#### [INFORMATION SHOWN]
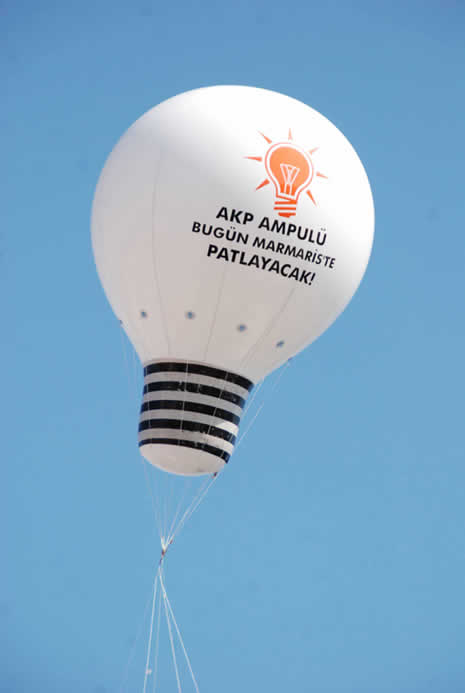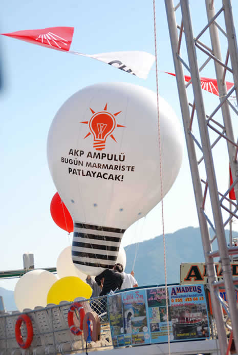 Kemal Kılıçdaroğlu'nun Muğla Marmaris'teki mitingini tamamlamasının ardından, CHP'lilerce hazırlanan AKP Ampulü şeklindeki balon havaya bırakıldı.
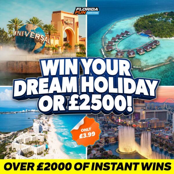 Holiday of Your Choice or £2500 Tax-Free Cash + Instant Wins
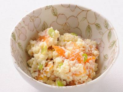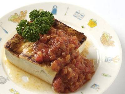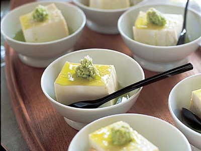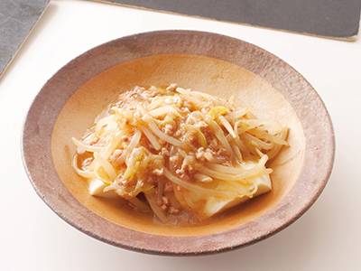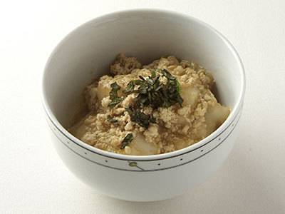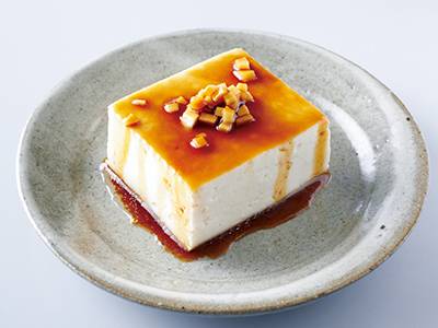 きのこといっしょにおいしく煮上げた豆腐に、きのこのうまみを閉じ込めたあんをかけると、のどごしがやさしい滋味深い一品に。

#### [WHAT THE TASK REQUIRES]
Copy out the material above in full and exactly, but with no pictures.

#### [OUTPUT OF THE EXERCISE]
 Kemal Kılıçdaroğlu'nun Muğla Marmaris'teki mitingini tamamlamasının ardından, CHP'lilerce hazırlanan AKP Ampulü şeklindeki balon havaya bırakıldı.
 Holiday of Your Choice or £2500 Tax-Free Cash + Instant Wins
 きのこといっしょにおいしく煮上げた豆腐に、きのこのうまみを閉じ込めたあんをかけると、のどごしがやさしい滋味深い一品に。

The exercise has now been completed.